== SUPPLIED DATA
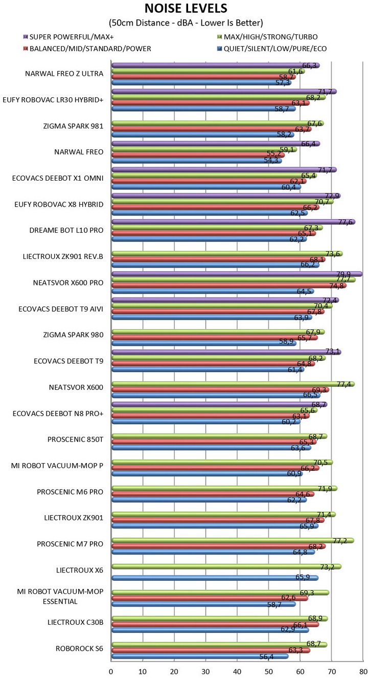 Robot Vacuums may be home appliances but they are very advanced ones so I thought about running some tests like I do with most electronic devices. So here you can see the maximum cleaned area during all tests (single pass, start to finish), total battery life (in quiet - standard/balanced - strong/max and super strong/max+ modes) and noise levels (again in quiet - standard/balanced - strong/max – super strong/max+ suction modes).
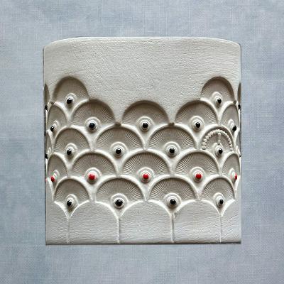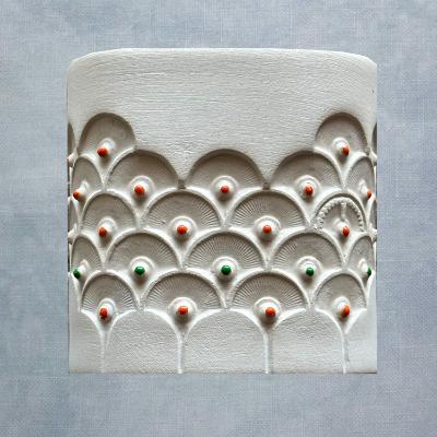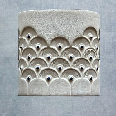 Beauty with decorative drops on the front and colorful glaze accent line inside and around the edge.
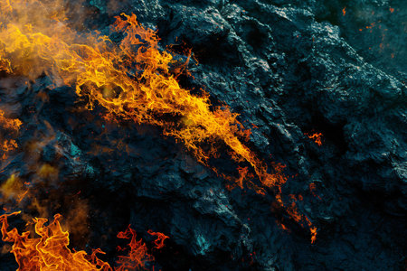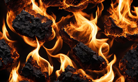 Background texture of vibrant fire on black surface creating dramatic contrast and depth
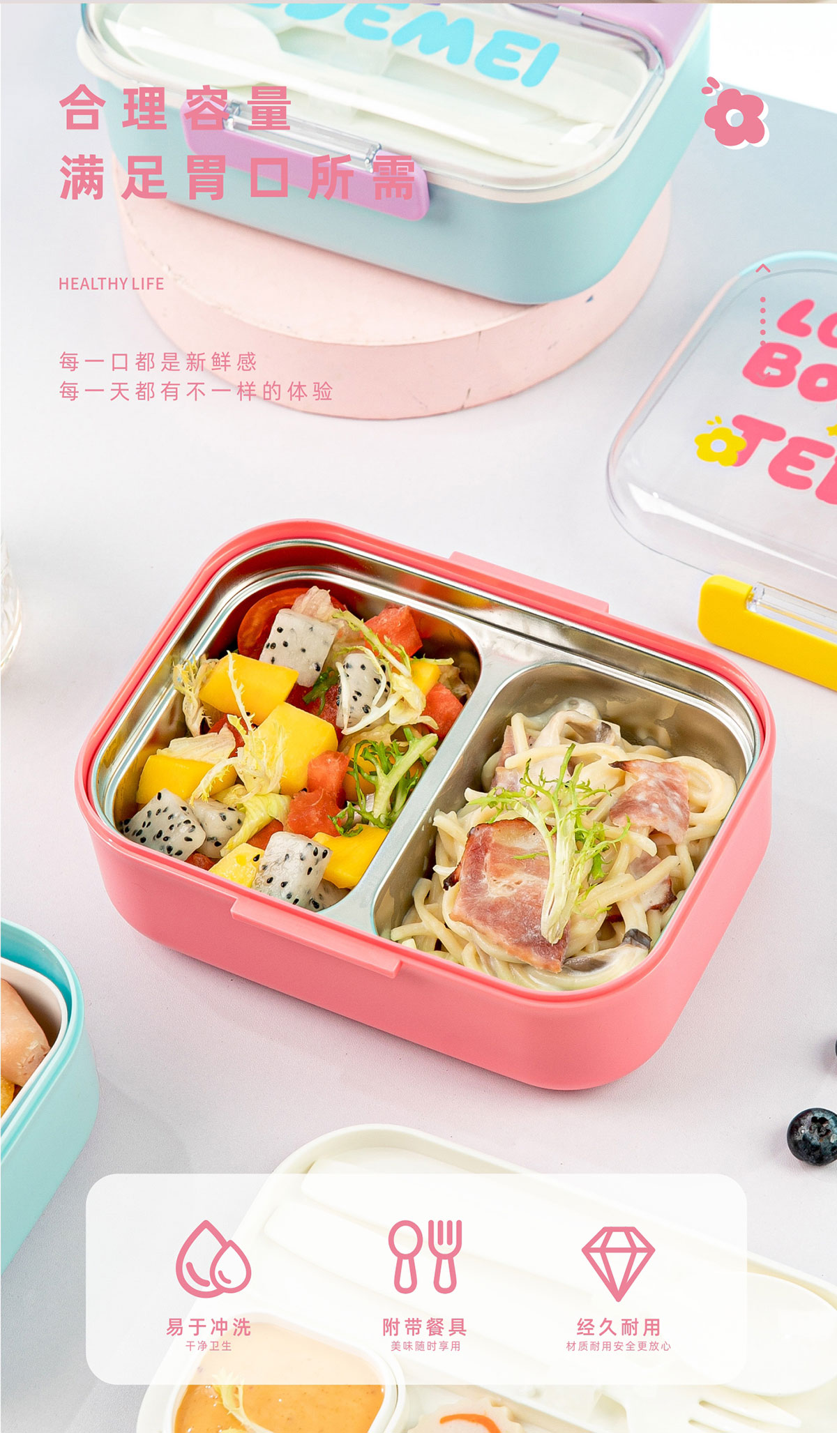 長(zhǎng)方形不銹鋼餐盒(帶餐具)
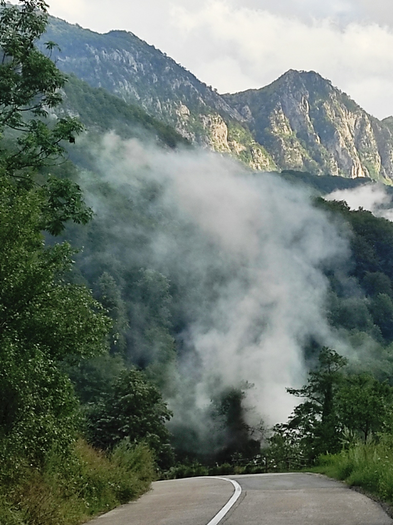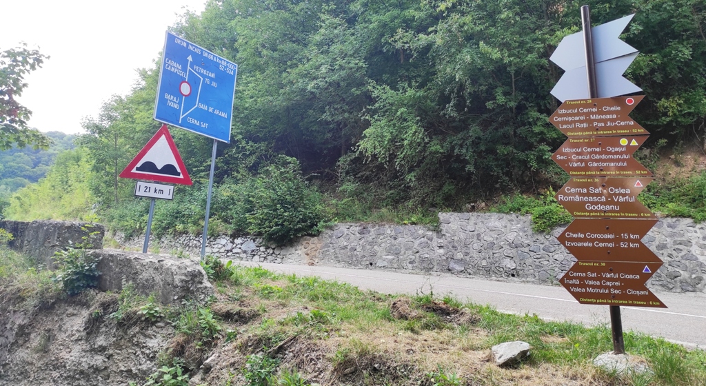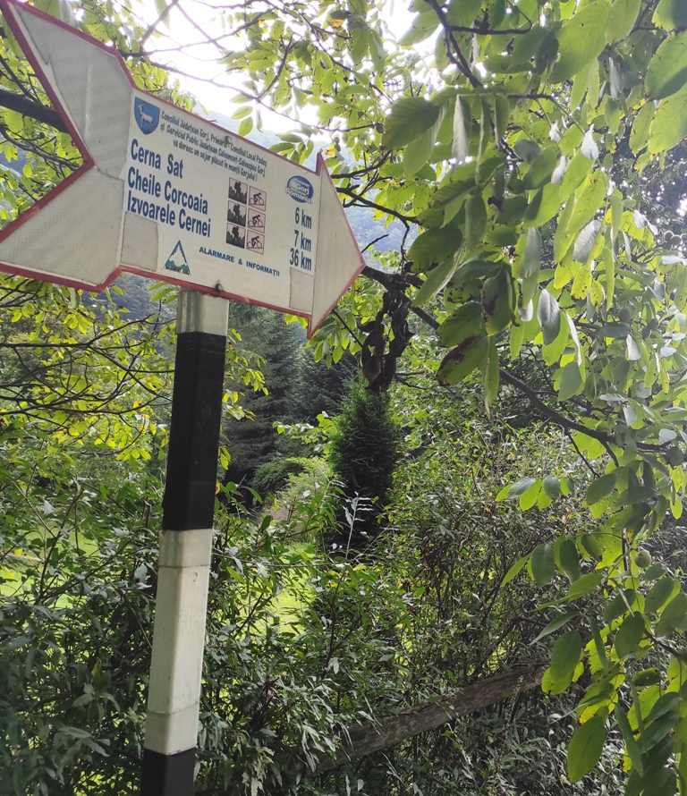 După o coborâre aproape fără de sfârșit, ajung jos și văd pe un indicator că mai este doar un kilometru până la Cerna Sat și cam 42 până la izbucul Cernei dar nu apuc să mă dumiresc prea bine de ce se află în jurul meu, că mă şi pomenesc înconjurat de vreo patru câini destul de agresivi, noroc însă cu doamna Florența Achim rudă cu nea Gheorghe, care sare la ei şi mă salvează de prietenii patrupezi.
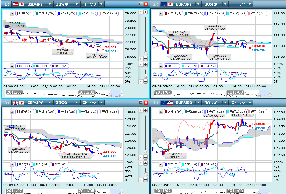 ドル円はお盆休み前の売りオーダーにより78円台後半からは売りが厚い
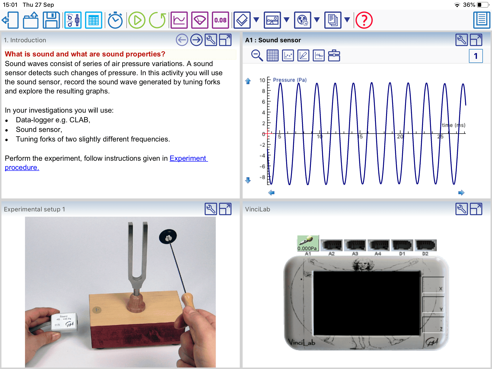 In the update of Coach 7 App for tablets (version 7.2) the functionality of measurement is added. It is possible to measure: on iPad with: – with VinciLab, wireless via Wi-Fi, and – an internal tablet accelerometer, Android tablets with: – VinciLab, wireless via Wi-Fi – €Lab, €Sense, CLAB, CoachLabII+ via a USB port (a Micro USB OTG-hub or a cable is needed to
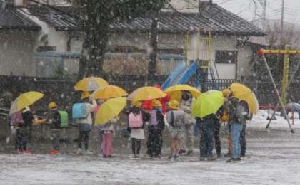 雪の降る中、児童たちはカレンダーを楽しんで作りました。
====
== SUPPLIED DATA
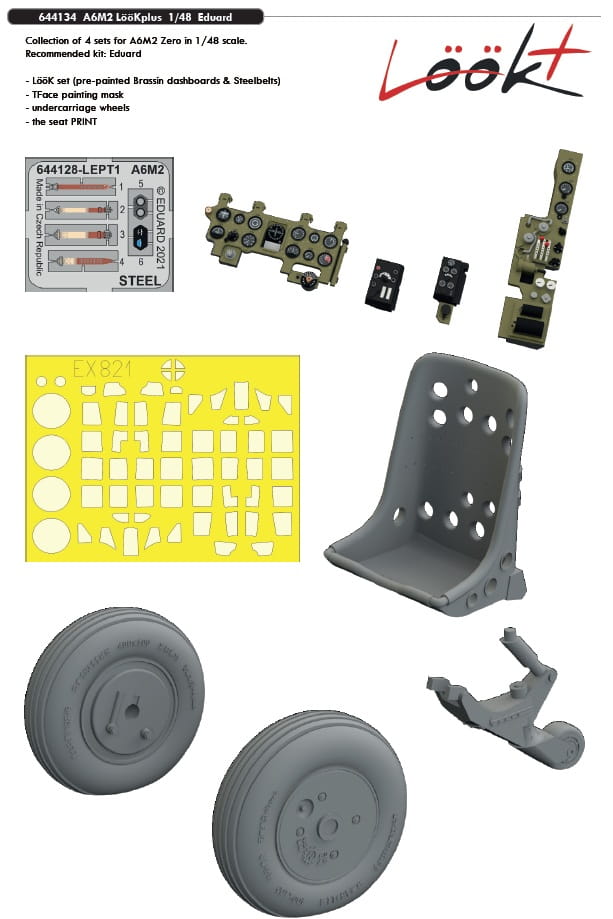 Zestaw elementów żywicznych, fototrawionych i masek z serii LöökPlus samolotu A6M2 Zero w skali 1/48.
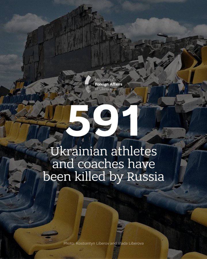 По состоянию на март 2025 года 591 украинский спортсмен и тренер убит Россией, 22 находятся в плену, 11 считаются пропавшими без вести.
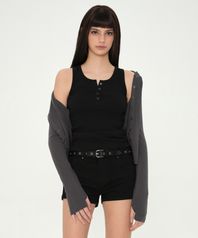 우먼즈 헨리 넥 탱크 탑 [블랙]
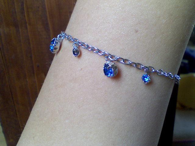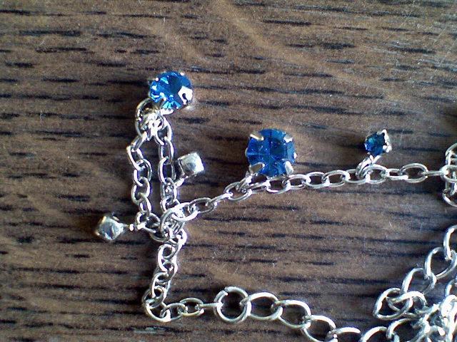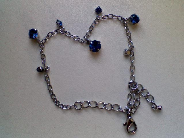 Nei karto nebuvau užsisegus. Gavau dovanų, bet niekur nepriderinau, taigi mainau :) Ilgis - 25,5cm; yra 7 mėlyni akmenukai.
====
== SUPPLIED DATA
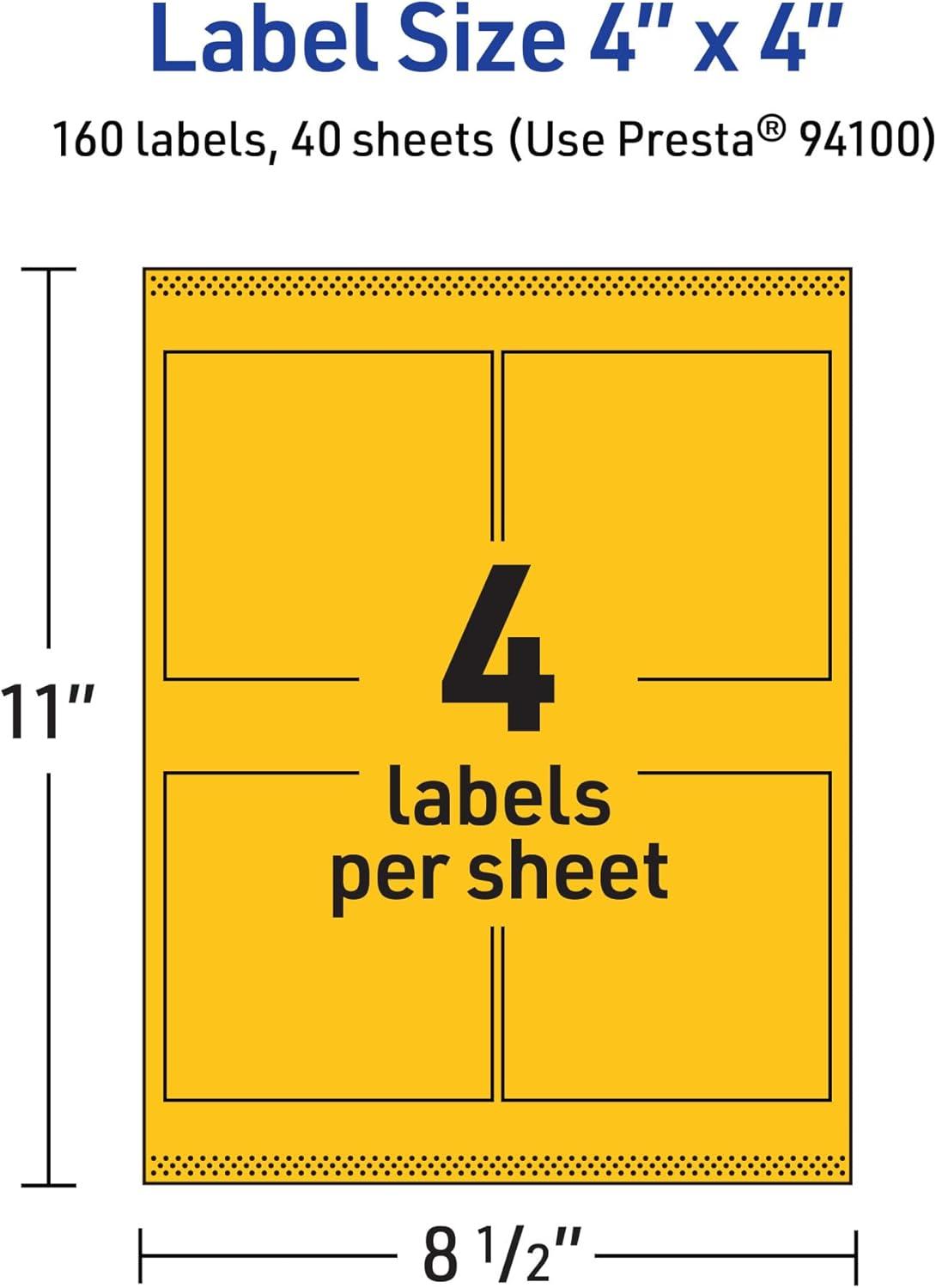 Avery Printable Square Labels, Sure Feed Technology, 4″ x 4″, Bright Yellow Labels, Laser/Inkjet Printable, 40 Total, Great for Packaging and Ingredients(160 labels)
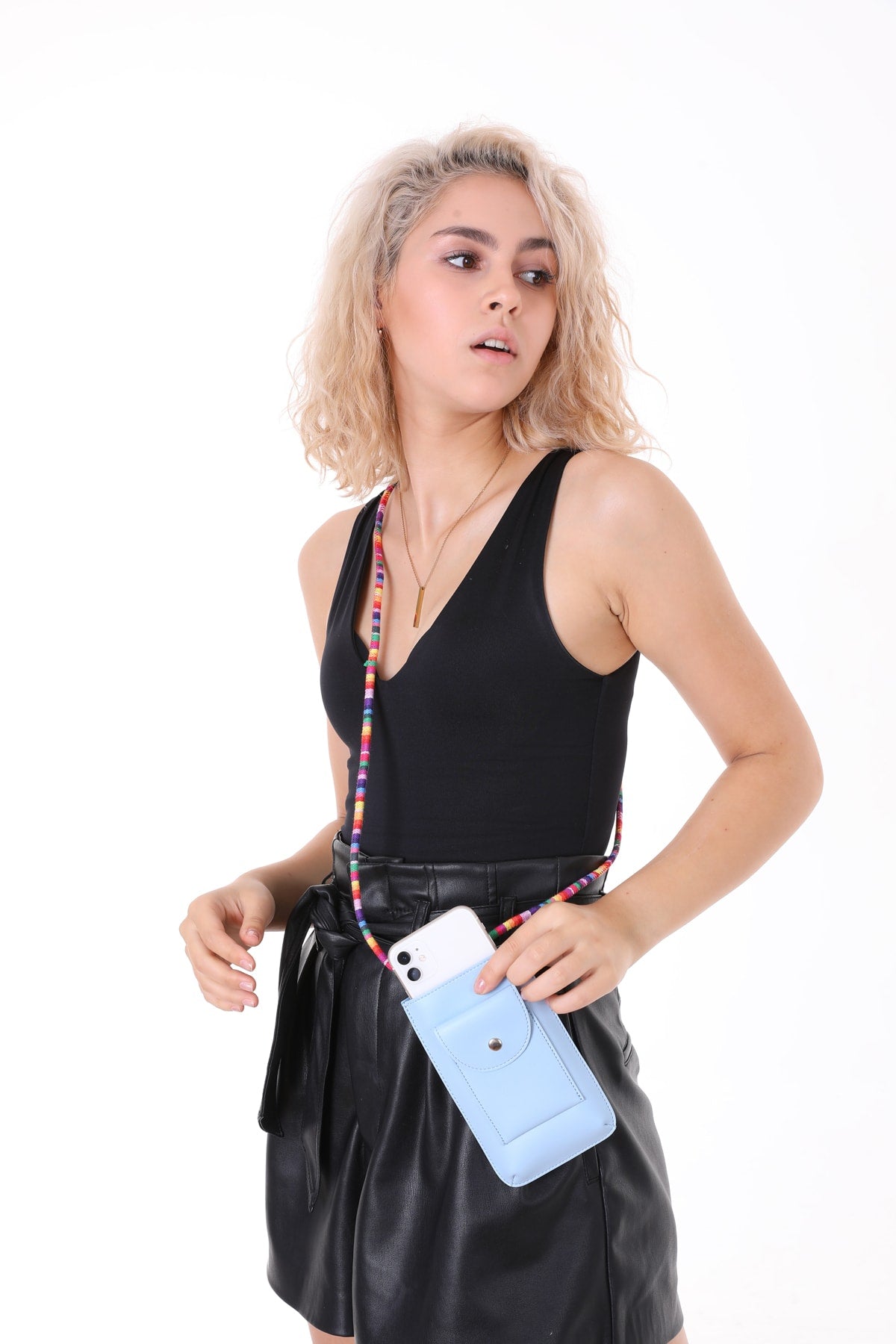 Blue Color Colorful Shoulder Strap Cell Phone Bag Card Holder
====
→ DIRECTIONS FOR THIS TASK: From the material above, output only the span of lines that starts at the one containing "In the update" and finishes at the one containing "雪の降る中、児童たちはカレンダーを楽しんで作りました。", word for word and free of pictures.

→ ANSWER SECTION:
 In the update of Coach 7 App for tablets (version 7.2) the functionality of measurement is added. It is possible to measure: on iPad with: – with VinciLab, wireless via Wi-Fi, and – an internal tablet accelerometer, Android tablets with: – VinciLab, wireless via Wi-Fi – €Lab, €Sense, CLAB, CoachLabII+ via a USB port (a Micro USB OTG-hub or a cable is needed to
 雪の降る中、児童たちはカレンダーを楽しんで作りました。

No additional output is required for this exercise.